# Subtank burning wick



## HalfLifeZA (8/2/16)

I've been using the RDA deck on my Subtank for a while and am loving it.
Lately tho, my new wicks taste burnt after about 1 tank of juice. And when I look at the wick, it is burnt looking by the coil.
I never had this issue in the past, but since i changed to the CoilMaster cotton that came with my coiling kit, every one tastes burnt.
Is this just an issue with the cotton or could there be something else I'm doing wrong?


----------



## Riaz (8/2/16)

HalfLifeZA said:


> I've been using the RDA deck on my Subtank for a while and am loving it.
> Lately tho, my new wicks taste burnt after about 1 tank of juice. And when I look at the wick, it is burnt looking by the coil.
> I never had this issue in the past, but since i changed to the CoilMaster cotton that came with my coiling kit, every one tastes burnt.
> Is this just an issue with the cotton or could there be something else I'm doing wrong?

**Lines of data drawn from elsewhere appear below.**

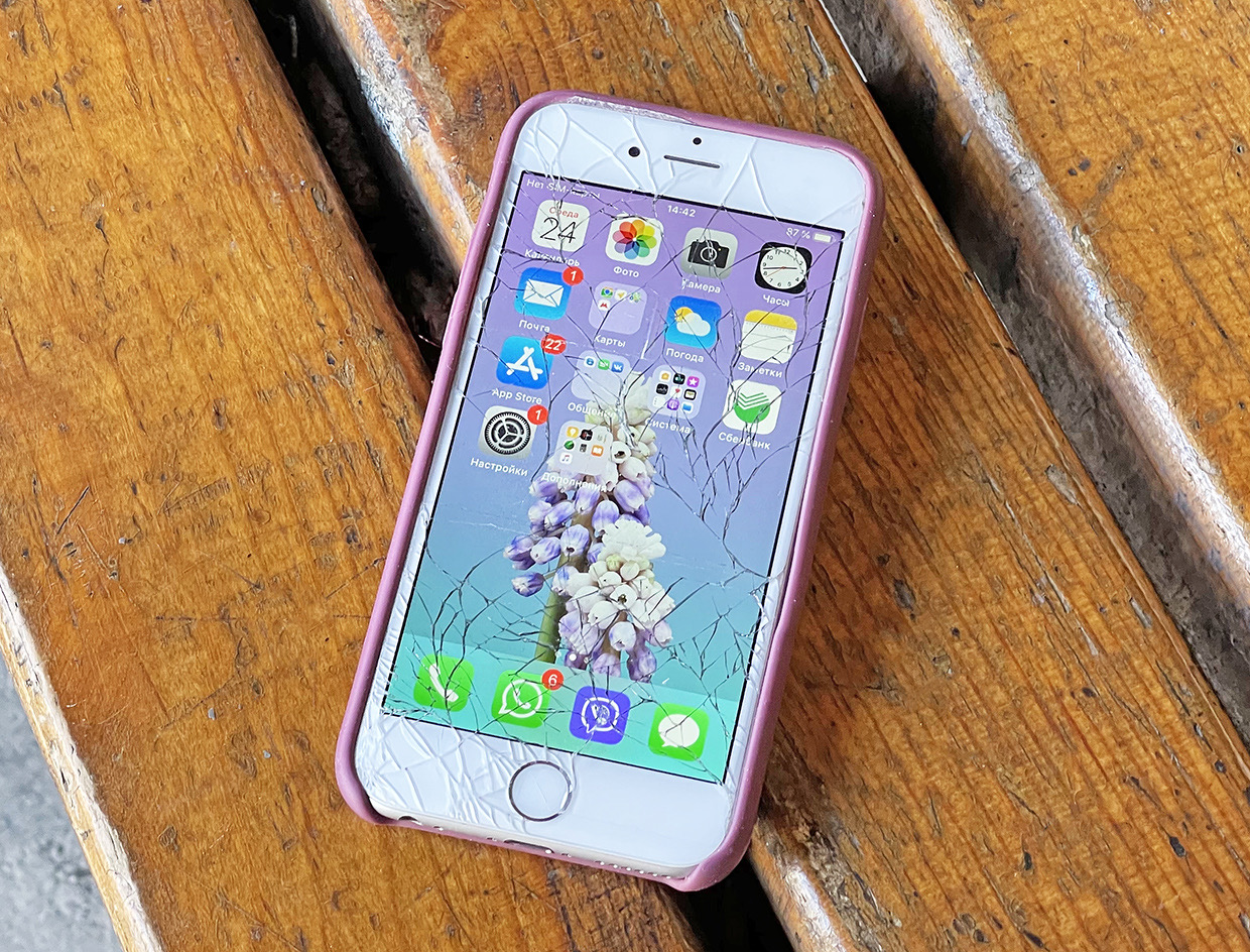 Например. Разбил айфон просто в хлам? Берёшь изоленту – и аккуратно оборачиваешь ей весь экран.
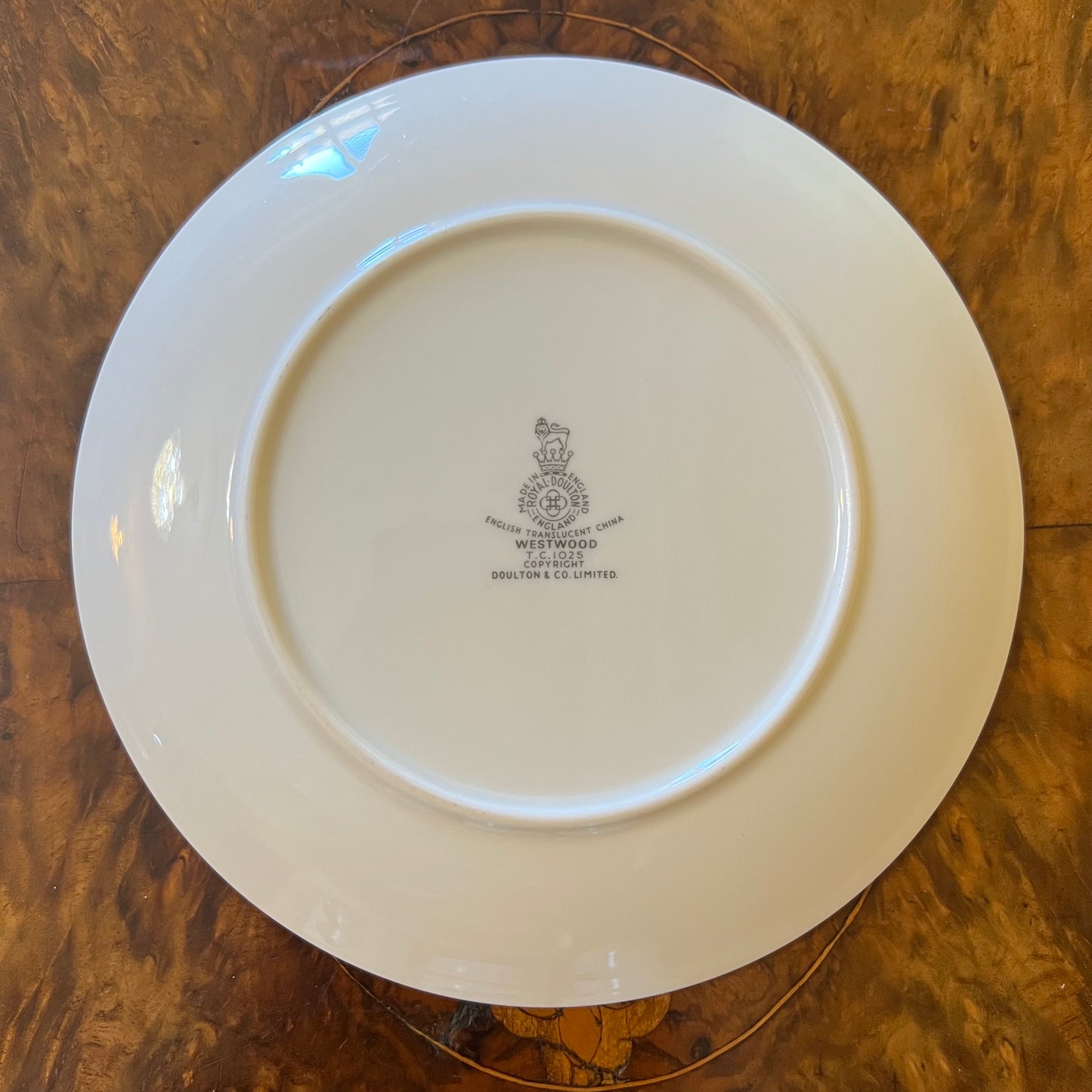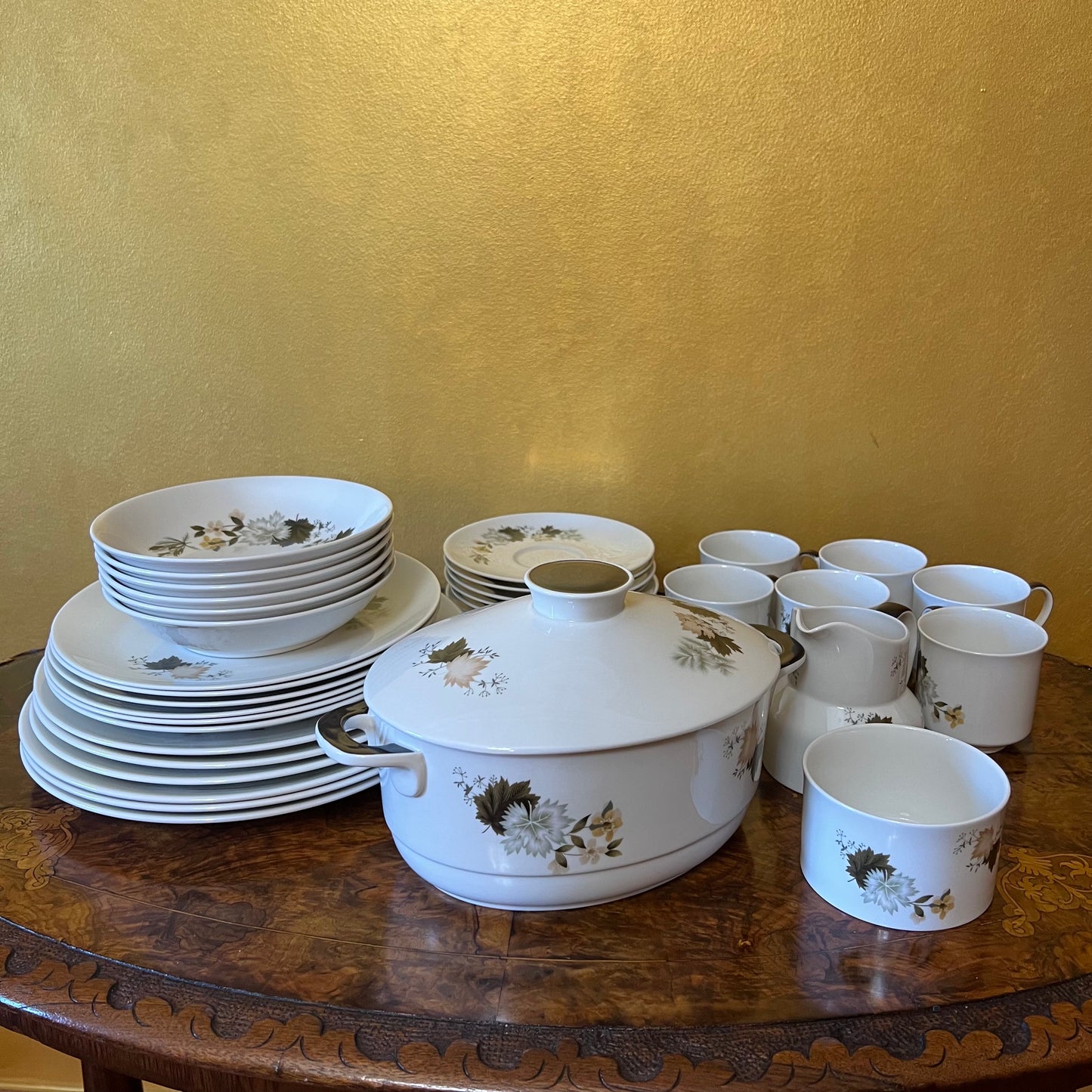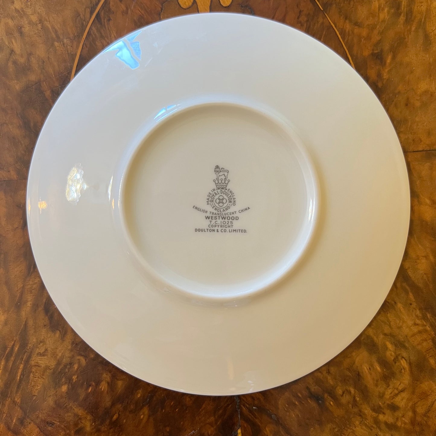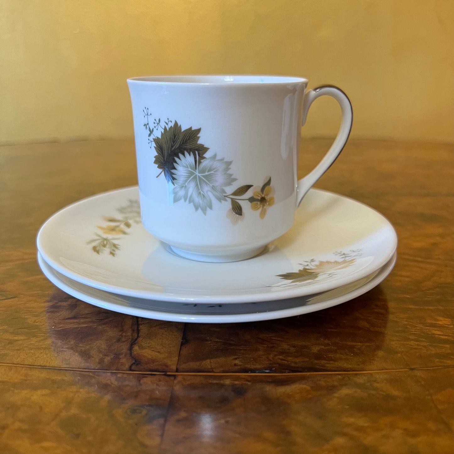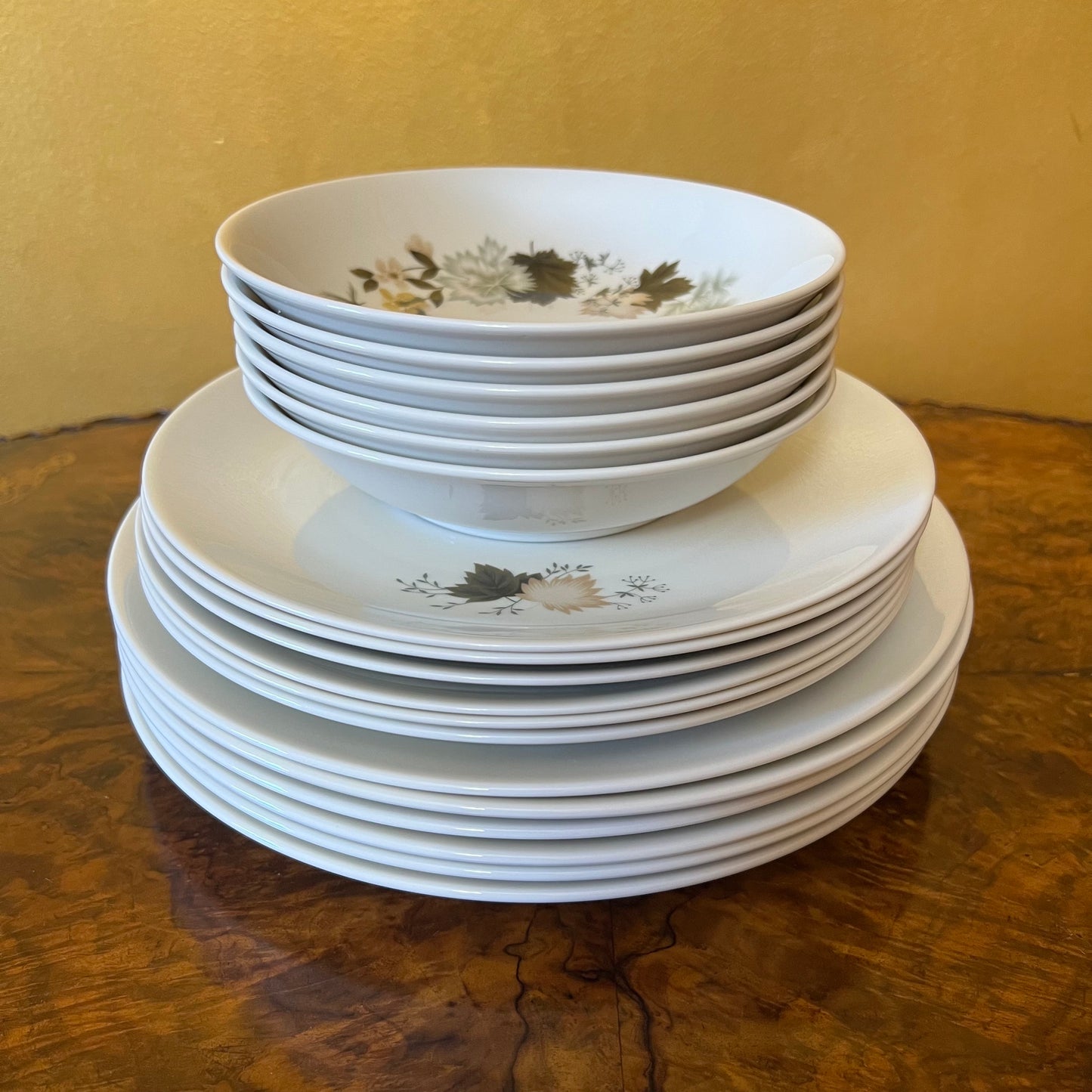 Description: Pink and brown leaves print with yellow and print florals, some scratches to print, stamped Royal Doulton Westwood
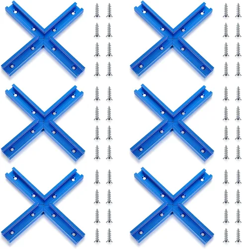 Embalaje completo: experimenta la comodidad con los 6 juegos de kit de intersección de pista en T azul, completo con 8 tornillos cada juego, proporcionando un total de 48 tornillos; aprovecha al máximo este kit para tus reemplazos diarios y compartir Materiales de calidad: fabricado con aleación de aluminio de calidad, estas pistas de aluminio garantizan la longevidad; la oxidación del ánodo añade un toque elegante mientras mejora su resistencia contra la corrosión; este kit garantiza que permanecerá fuerte, no es fácilmente propenso a romperse, deformarse o doblarse, manteniendo su color y forma incluso después de un uso prolongado Información de tamaño: cada pista en T azul tiene un tamaño de aproximadamente 3 pulgadas de largo x 3/4 pulgadas de ancho x 3/8 pulgadas de profundidad, con 8 agujeros preperforados en cada juego para un fácil montaje; el espacio del agujero de los tornillos es de aproximadamente 1-5/8 pulgadas y los bordes se extienden hasta aproximadamente 1/2 pulgadas de largo; comprueba el tamaño antes de comprar Diseño fácil de usar: estas pistas en T de aluminio vienen preperforadas para la instalación, lo que facilita su uso al crear accesorios y dispositivos fijos; esta compatibilidad se extiende tanto a máquinas de carpintería como a máquinas de procesamiento de metal, ofreciendo versatilidad en la función, ahorrando tiempo y esfuerzo con nuestro equipo precortado y fácilmente utilizable Diversas aplicaciones: estos accesorios de riel en T encuentran su uso en una variedad de plataformas, desde sierras de mesa, mesas de corte oblicuas, camas de perforación, mesas de fresado, mesas de montaje, plataformas CNC y fresadoras; también se pueden aplicar a otros contextos como sistemas de kayak, estantes ajustables, carriles de bicicleta, bancos de trabajo, bancos de carpintería y más; te ofrece una amplia variedad de aplicaciones

Burnt wicks are generally caused by them not wicking quick enough 

Are you using the same amount of wick as before?

Post a pic or 3 of your deck so we can have a look and advise from there.


----------



## HalfLifeZA (8/2/16)

I'll post some pics later. I think I am using the same amount of wick. In fact, my last try, I used a lot more to see if that was the problem, but it burnt even quicker. I had absolutely no issues when I was using the Kanger cotton I got when I bought the pre-rolled coils for the RDA


----------



## HalfLifeZA (9/2/16)

Update,
I tried cotton bacon for the 1st time last night and all my troubles are over! No more burning and much better taste.
I am now officially a fan of cotton bacon v2

Reactions: Like 2 | Agree 1 | Winner 1


----------



## BibbyBubbly (9/2/16)

HalfLifeZA said:


> Update,
> I tried cotton bacon for the 1st time last night and all my troubles are over! No more burning and much better taste.
> I am now officially a fan of cotton bacon v2


Hi @HalfLifeZA . I have had the exact same problem numerous times and every single time its because I threaded through to much cotton. But if I wick it to loose I get hectic spit-back and after 1 tank I gurgling sound. Trail and error I guess!! Glad you came right with the cotton bacon, I must still try the sample I got from Vape Club.


----------



## HalfLifeZA (9/2/16)

@BibbyBubbly definitely try the cotton bacon!! I wicked a tank and a dripper last night and both are working better than ever now!

Reactions: Like 1


----------



## jguile415 (9/2/16)

Dove cotton balls FTW! R25 for a year's supply of wick

Reactions: Like 1 | Funny 1


----------



## jguile415 (11/2/16)

I wick all my coils with dove cotton... it rocks!


----------



## HalfLifeZA (12/2/16)

@jguile415 do yourself a favour and try cotton bacon v2. I thought other wicking material was good, but now I know different!


----------